Quickstart Guide#
Installation#
obsarray is installable via pip.
pip install obsarray
Dependencies#
obsarray is an extension to xarray to support defining, storing and interfacing with measurement data. It is designed to work well with netCDF files, using the netcdf4 library.
The pip installation will also automatically install any dependencies.
Example Usage#
First we build an example dataset that represents a time series of temperatures (for more on how do this see the xarray documentation).
In [1]: import numpy as np
In [2]: import xarray as xr
In [3]: import obsarray
# build an xarray to represents a time series of temperatures
In [4]: temps = np.array([20.2, 21.1, 20.8])
In [5]: times = np.array([0, 30, 60])
In [6]: ds = xr.Dataset(
...: {"temperature": (["time"], temps, {"units": "degC"})},
...: coords = {"time": (["time"], times, {"units": "s"})}
...: )
...:
Uncertainty and error-covariance information for observation variables can be defined using the dataset’s unc
accessor, which is provided by obsarray.
# add random component uncertainty
In [7]: ds.unc["temperature"]["u_r_temperature"] = (
...: ["time"],
...: np.array([0.5, 0.5, 0.6]),
...: {"err_corr": [{"dim": "time", "form": "random"}]}
...: )
...:
# add systematic component uncertainty
In [8]: ds.unc["temperature"]["u_s_temperature"] = (
...: ["time"],
...: np.array([0.3, 0.3, 0.3]),
...: {"err_corr": [{"dim": "time", "form": "systematic"}]}
...: )
...:
Dataset structures can be defined separately using obsarray’s templating functionality. This is helpful for processing chains where you want to write files to a defined format.

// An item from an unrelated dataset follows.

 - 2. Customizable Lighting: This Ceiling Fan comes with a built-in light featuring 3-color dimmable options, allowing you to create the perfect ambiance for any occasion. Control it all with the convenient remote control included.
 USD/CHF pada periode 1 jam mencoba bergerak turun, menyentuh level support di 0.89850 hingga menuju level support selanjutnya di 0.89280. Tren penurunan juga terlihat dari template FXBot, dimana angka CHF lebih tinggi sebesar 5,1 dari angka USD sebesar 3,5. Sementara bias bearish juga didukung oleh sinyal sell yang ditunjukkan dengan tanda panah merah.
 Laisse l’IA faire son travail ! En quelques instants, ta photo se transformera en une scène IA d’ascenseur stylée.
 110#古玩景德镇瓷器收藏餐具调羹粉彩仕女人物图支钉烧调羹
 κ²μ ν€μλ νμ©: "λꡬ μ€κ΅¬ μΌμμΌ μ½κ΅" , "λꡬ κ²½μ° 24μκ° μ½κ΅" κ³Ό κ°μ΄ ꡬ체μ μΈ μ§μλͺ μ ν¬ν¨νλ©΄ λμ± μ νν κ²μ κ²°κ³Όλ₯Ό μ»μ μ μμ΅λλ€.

The defined uncertainty information then can be interfaced with, for example:
# get total combined uncertainty of all components
In [9]: ds.unc["temperature"].total_unc()
Out[9]:
<xarray.DataArray (time: 3)> Size: 24B
array([0.58309519, 0.58309519, 0.67082039])
Coordinates:
* time (time) int64 24B 0 30 60
# get total error-covariance matrix for all components
In [10]: ds.unc["temperature"].total_err_cov_matrix()
Out[10]:
<xarray.DataArray (time: 3)> Size: 72B
array([[0.34, 0.09, 0.09],
[0.09, 0.34, 0.09],
[0.09, 0.09, 0.45]])
Dimensions without coordinates: time, time
This information is preserved in metadata when written to netCDF files
Similarly, data flags can be defined using the dataset’s flag
accessor, which again is provided by obsarray. These flags are defined following the CF Convention metadata standard.

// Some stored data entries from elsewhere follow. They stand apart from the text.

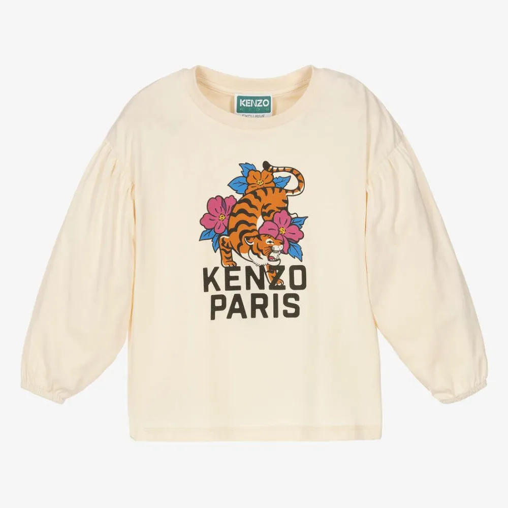 Ivory top for girls by KENZO KIDS, made in soft cotton jersey. It has a bold Kenzo Paris print on the front with an iconic tiger motif and cartoon-style flowers. The dropped shoulder seams are gently gathered and the cuffs are comfortably elasticated.
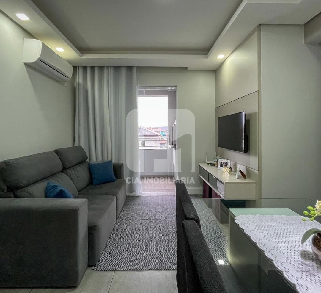 Apartamento com 2 dormitórios, sala ampla para dois ambientes, sacada com churrasqueira a carvão e excelente luminosidade natural. Possui aquecedor à gás e água quente em todas as torneiras. Conta com três vagas de garagem, sendo duas cobertas. O imóvel conta com móveis planejados, oferecendo praticidade e elegância. O condomínio dispõe de elevador e apenas 5 apartamentos por andar, garantindo mais privacidade e conforto. Localização estratégica, a apenas 900m da BR-101, com fácil acesso às principais vias da região. Agende uma visita e venha conhecer!
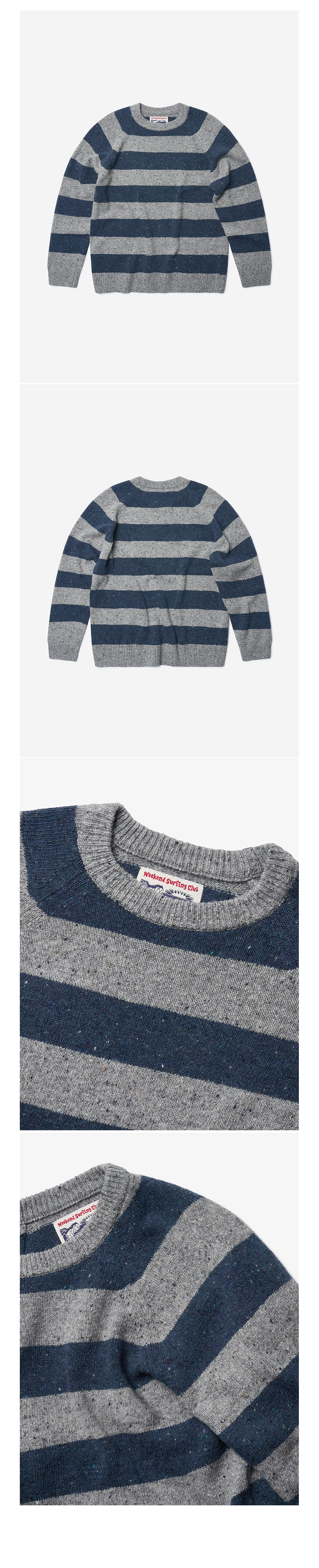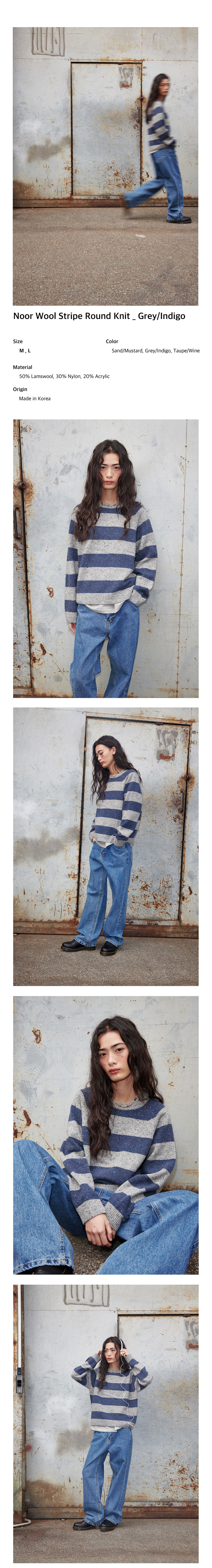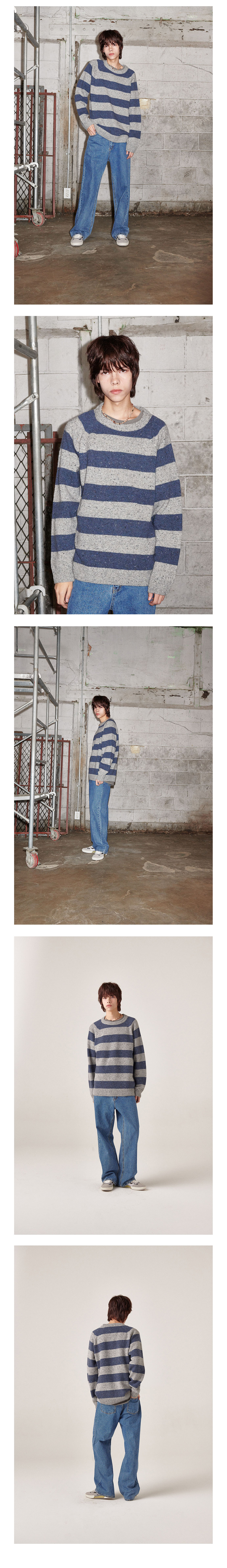 플랫웨이브 인 서울 누아 울 스트라이프 라운드 니트 그레이/인디고

A flag variable can be created to store data for a set of flags with defined meanings
In [11]: ds.flag["quality_flags"] = (
....: ["time"],
....: {"flag_meanings": ["dubious", "invalid", "saturated"]}
....: )
....:
In [12]: print(ds.flag)
<FlagAccessor>
Dataset Flags:
* <FlagVariable>
FlagVariable: 'quality_flags'
['dubious', 'invalid', 'saturated']
These flag meanings can be indexed, to get and set their value
In [13]: print(ds.flag["quality_flags"]["dubious"].value)
<xarray.DataArray (time: 3)> Size: 3B
array([False, False, False])
Dimensions without coordinates: time
In [14]: ds.flag["quality_flags"]["dubious"][0] = True
In [15]: print(ds.flag["quality_flags"]["dubious"].value)
<xarray.DataArray (time: 3)> Size: 3B
array([ True, False, False])
Dimensions without coordinates: time